Como foi o processo de seleção das 150 fotos que compõem o livro?
Foi a "escolha de Sofia". Tanto é que na exposição há duas fotos que não estão no livro. A escolha não foi feita de uma vez. Ao longo desse um ano e meio, a cada período de viagem, eu ia me abastecendo das cópias de serviço e ia selecionando. Mas não podia tomar nenhuma decisão enquanto não tivesse feito a última foto, porque ela poderia mudar tudo. Na verdade, da forma como esse trabalho foi conceituado, ele não terminaria nunca. Em determinado momento, fui obrigado a abandoná-lo.
A escolha foi só sua?
Eu pedi a ajuda de muitos amigos. Pessoas de quem eu gosto e que são bons olheiros. Esse livro mudou um pouco a minha vida de fotógrafo. Deixei de fazer um trabalho de observação da paisagem urbana com um material pesado e cai numa câmera de 35 milímetros. Muitas vezes eu me senti inseguro. Mas, em compensação, fotografei muito mais, até porque estava procurando um caminho que remetesse ao tempo em que eu nem trabalhava como repórter fotográfico.
Não há nenhum comentário sobre as fotos, além do nome da cidade. Isso foi proposital?
Acredito que qualquer comentário seria redundante. É sempre algo que fica aquém da foto... ou além, o que também a prejudicaria. Raramente você consegue algo que a complemente, a não ser no jornalismo, em que você coloca uma legenda que tenha um dado mais objetivo. Eu queria que fosse algo mais intrigante, por isso coloquei só o nome do lugar. Além disso, fui descobrindo rimas e articulações entre as fotos. Fiz uma foto em Barretos de uns brutamontes se abraçando a um pau-de-sebo com aquelas mãos rudes. No livro, eu a coloquei ao lado de uma foto de um rapaz passando um cartão para outro com mãos superdelicadas, tirada no Mambo Bazar (mercado GLS alternativo que acontece em São Paulo). Não há nenhuma observação pejorativa, mas essa organização proposital serve para mostrar como as atitudes humanas podem ser tão diversas tendo os mesmos elementos. Uma contraposição entre a brutalidade e a delicadeza.
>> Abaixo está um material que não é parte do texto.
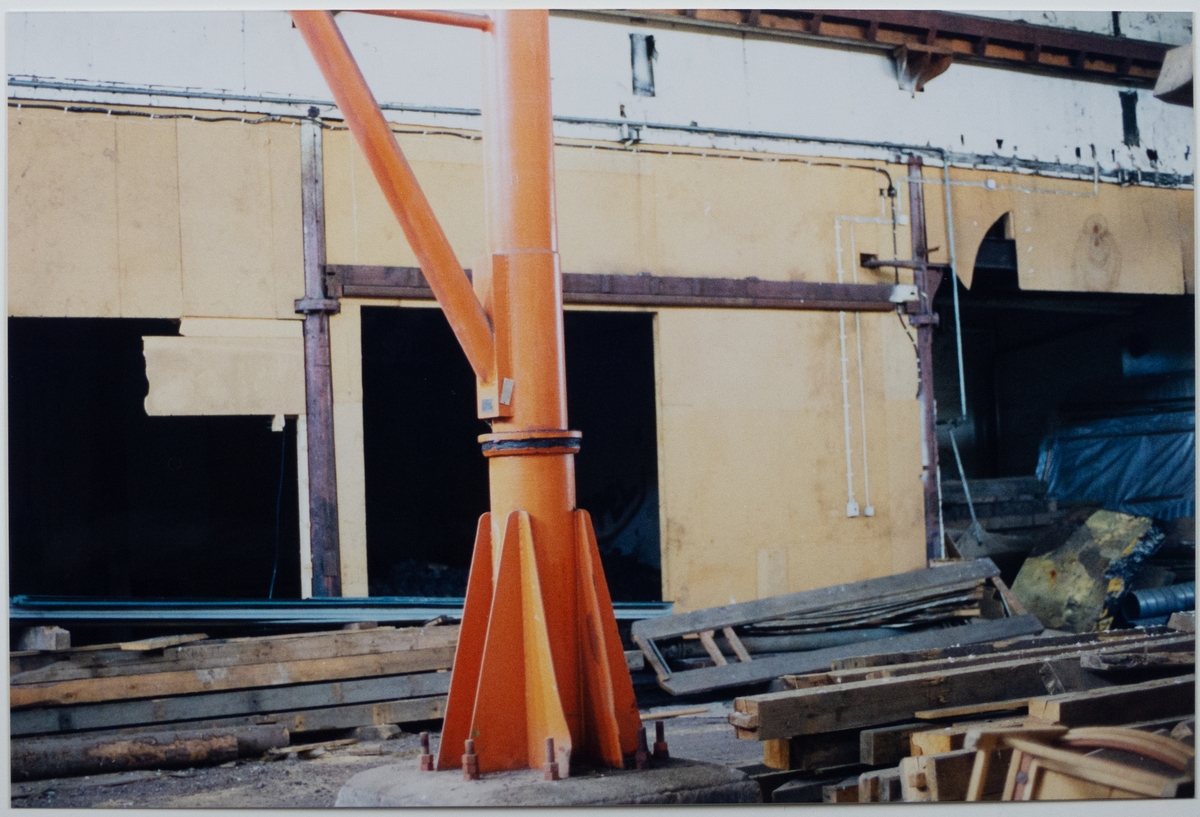 Titel: Gjuteriet, översiktsbild, interiör, tillfälligt materialupplag, taket fuktskadat på flera ställen

Com o lançamento do livro e a exposição, você imagina o fechamento de um ciclo que começou com aquela foto da Raposo Tavares?
Acho que, na verdade, é o início de um ciclo. Eu não vou aposentar minha câmera. Para mim, é a retomada de um processo. Tenho o projeto de fazer alguma coisa semelhante mas mais abrangente, com todo o Brasil. Avançar no tempo faz você perder a juventude e os cabelos, mas dá experiência. Você passa a se sentir seguro de que pode fazer um bom trabalho. Quando você está convicto de um projeto e tem paixão pelo que faz, você o fará da melhor forma possível. Depois dessa exposição, eu já vou acordar com outras minhocas na cabeça.